我们可以用na_interpolate/na_extrapolate
library(dplyr)
# remotes::install_github("skgrange/threadr")
library(threadr)
df %>%
group_by(ID) %>%
mutate(year = na_extrapolate(na_interpolate(year))) %>%
ungroup
-输出
# A tibble: 16 × 3
ID grade year
<chr> <chr> <dbl>
1 A KG 2002
2 A 01 2003
3 A 02 2004
4 A 03 2005
5 B KG 2007
6 B 01 2008
7 B 02 2009
8 B 03 2010
9 C KG 2004.
10 C 01 2005
11 C 02 2006
12 C 03 2007
13 D KG 2009
14 D 01 2010
15 D 02 2011
16 D 03 2012.
可以这样做:
year_imputer <- function(years){
# Find one non-missing data-point
ref_indx <- which(!is.na(years))[1]
# Make it the reference point
ref <- years[ref_indx]
# Get the length of the years
years_len <- length(years)
# Generate the sequence
(ref - (ref_indx - 1)):(ref+(years_len - ref_indx))
}
library(dplyr)
df %>%
group_by(ID) %>%
mutate(
year = year_imputer(year)
) %>%
ungroup()
输出:
# A tibble: 16 x 3
ID grade year
<chr> <chr> <int>
1 A KG 2002
2 A 01 2003
3 A 02 2004
4 A 03 2005
5 B KG 2007
6 B 01 2008
7 B 02 2009
8 B 03 2010
9 C KG 2004
10 C 01 2005
11 C 02 2006
12 C 03 2007
13 D KG 2009
14 D 01 2010
15 D 02 2011
16 D 03 2012
这不是我推荐的解决方案:
但是这个问题引发了另一个问题,看这里
library(dplyr)
df %>%
group_by(ID) %>%
mutate(year= ifelse(is.na(year), lag(year)+1, year),
year= ifelse(is.na(year), lag(year)+1, year),
year= ifelse(is.na(year), lead(year)-1, year))
ID grade year
<chr> <chr> <dbl>
1 A KG 2002
2 A 01 2003
3 A 02 2004
4 A 03 2005
5 B KG 2007
6 B 01 2008
7 B 02 2009
8 B 03 2010
9 C KG 2004
10 C 01 2005
11 C 02 2006
12 C 03 2007
13 D KG 2009
14 D 01 2010
15 D 02 2011
16 D 03 2012
您可以针对您的特定问题使用任何(线性)插值函数。例如。来自 imputeTS
包,也来自 zoo
和其他包。但是,当您处理 POSIXct 数据类型而不仅仅是数字时,此解决方案可能不再适用。

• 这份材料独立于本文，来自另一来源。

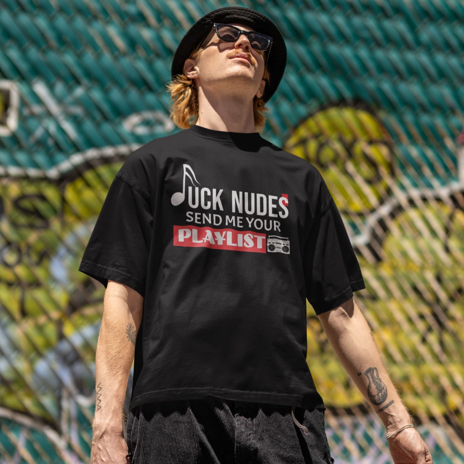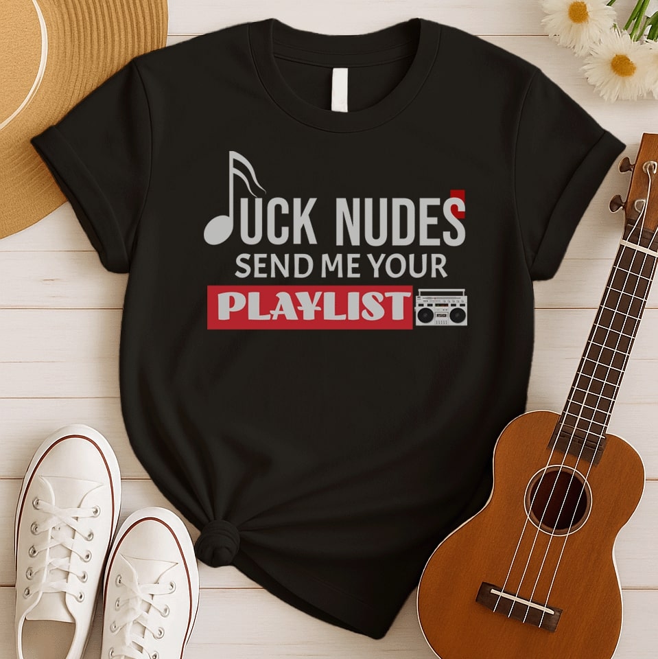 Make your priorities clear: F**K NUDES SEND ME YOUR PLAYLIST"! This bold and humorous design features an iconic boombox and a clever musical note graphic, declaring your ultimate devotion to tunes over everything else. It's the perfect statement tee for every passionate music lover, DJ, or anyone whose heart beats for the next great playlist!

同样值得注意的是,这仅在每个缺失的年份实际上作为 NA 值插入(而不是仅仅被遗漏)时才有效。对于这种称为隐式缺失值的情况(遗漏的年份),tsibble
包有一个名为 fill_gaps()
.
的函数
library("imputeTS")
library("dplyr")
df <- data.frame(ID=c("A", "A", "A", "A",
"B", "B", "B", "B",
"C", "C", "C", "C",
"D", "D", "D", "D"),
grade=c("KG", "01", "02", "03",
"KG", "01", "02", "03",
"KG", "01", "02", "03",
"KG", "01", "02", "03"),
year=c(2002, 2003, NA, 2005,
2007, NA, NA, 2010,
NA, 2005, 2006, NA,
2009, 2010, NA, NA))
df %>% group_by(ID) %>% mutate(year = na_interpolation(year)) %>% ungroup
另一种解决方案:
library(dplyr)
df %>%
group_by(ID) %>%
mutate(year = c(min(year,na.rm = T) - (which.min(year)-1):0,
min(year,na.rm = T) + 1:(n()-which.min(year)))) %>% ungroup
#> # A tibble: 16 × 3
#> ID grade year
#> <chr> <chr> <dbl>
#> 1 A KG 2002
#> 2 A 01 2003
#> 3 A 02 2004
#> 4 A 03 2005
#> 5 B KG 2007
#> 6 B 01 2008
#> 7 B 02 2009
#> 8 B 03 2010
#> 9 C KG 2004
#> 10 C 01 2005
#> 11 C 02 2006
#> 12 C 03 2007
#> 13 D KG 2009
#> 14 D 01 2010
#> 15 D 02 2011
#> 16 D 03 2012
我的数据框看起来像:
df <- data.frame(ID=c("A", "A", "A", "A",
"B", "B", "B", "B",
"C", "C", "C", "C",
"D", "D", "D", "D"),
grade=c("KG", "01", "02", "03",
"KG", "01", "02", "03",
"KG", "01", "02", "03",
"KG", "01", "02", "03"),
year=c(2002, 2003, NA, 2005,
2007, NA, NA, 2010,
NA, 2005, 2006, NA,
2009, 2010, NA, NA))
我希望能够通过 ID
估算缺失的 year
值,并获得以下预期结果:
wanted_df <- data.frame(ID=c("A", "A", "A", "A",
"B", "B", "B", "B",
"C", "C", "C", "C",
"D", "D", "D", "D"),
grade=c("KG", "01", "02", "03",
"KG", "01", "02", "03",
"KG", "01", "02", "03",
"KG", "01", "02", "03"),
year=c(2002, 2003, 2004, 2005,
2007, 2008, 2009, 2010,
2004, 2005, 2006, 2007,
2009, 2010, 2011, 2012))
我尝试使用以下方法估算值:
lag()
和lead()
函数- 加入由年份组成的数据框
都没有用。任何帮助将不胜感激。谢谢。
我们可以用na_interpolate/na_extrapolate
library(dplyr)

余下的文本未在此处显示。